# Lemur, Composer Tools and Metagrid



## BenjaminParis (Sep 15, 2020)

Hi there,

I'm hesitating picking up Lemur+Orchestral Tools licenses (OT is on sale right now), but I'm using Metagrid already, and I'm happy with it regarding the way it can manage Cubase. I really got used to Metagrid and would like to go one working with it.

I would like to use Lemur and OT only for controlling my VSTs, using in particular the popup function-when you select your instrument track, it opens the appropriate controller tab.

Did anyone tried this? Can you launch Metagrid and Lemur at the same time? Can you switch easily from one to the other? How about the priority question? How can the system decide which software you want to use? Also: it certainly adds more Generic Remote Devices, how does Cubase stands all these different sources?
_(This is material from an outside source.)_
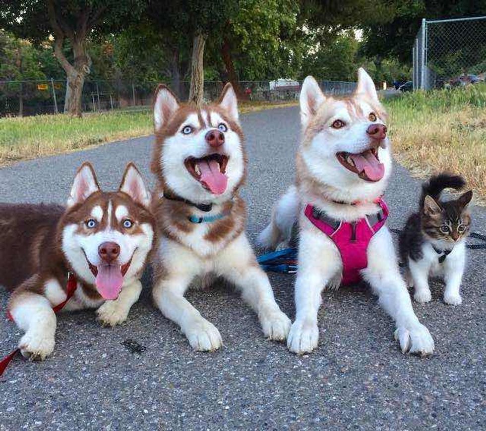 Rosie the rescue kitty was saved by a husky who changed her life forever! Now the kitty thinks she's part husky and is living her life in a pack with her canine buddies.

Hope someone can share his/her experience!

Thanks,

Benjamin


----------



## Shad0wLandsUK (Sep 15, 2020)

The best thing to do with Composer Tools (Pro) and Metagrid would be to own two tablets
I personally run them on two separate devices, as Lemur is a powerful application and I found it would not work very well on one iPad

I do have older iPads however, perhaps on an iPad Pro it would be fine
I find Composer Tools Pro to be invaluable however, and there is so much you can do with this

Once all your pages for articulations are setup, it really is very fun to work with 

Hope this helps,

Christopher


----------



## BenjaminParis (Sep 15, 2020)

Thanks a lot. Yes, maybe a second iPad... But I have the latest iPad, so I should check for an older and cheaper one, I have to check which models work with the apps...


----------



## Vonk (Sep 15, 2020)

Shad0wLandsUK said:


> Once all your pages for articulations are setup, it really is very fun to work with


Composer tools is great for the one thing it can do that metagrid doesn't - active feedback. Having each of the available articulations put up for control as you change tracks is a real asset. It also works on both android and ipad tablets, so it can be be a lot cheaper to have a dedicated tablet. However I do hate it's copy protection, which uses a midi channel and which I have found to be very unreliable. It will switch the app off for no reason, as it insists on a constant live link which seems to fail sometimes..
Metagrid is invaluable for visibility control, macro control and use of the PLE in cubase.
I use both and couldn't work without them.
To answer the question, metagrid uses its own metaserver, needing two dedicated midi channels, and composer tools its own agent using two channels, for copy protection and communication. It's perfectly OK to run both at the same time.


----------



## BenjaminParis (Sep 15, 2020)

Thanks a lot, Vonk!


----------



## mburellmusic (Sep 19, 2020)

I would highly recommend staying away from older iPads. Actually Midi Kinetics wrote a little blog post about this. The cheapest model modern iPad is massively more powerful than the older ones. https://www.midikinetics.com/which-tablet-should-i-get/


----------



## Dewdman42 (Sep 20, 2020)

He also suggests getting multiple smaller iPads. I guess maybe it’s ok if a few of them are slightly older


----------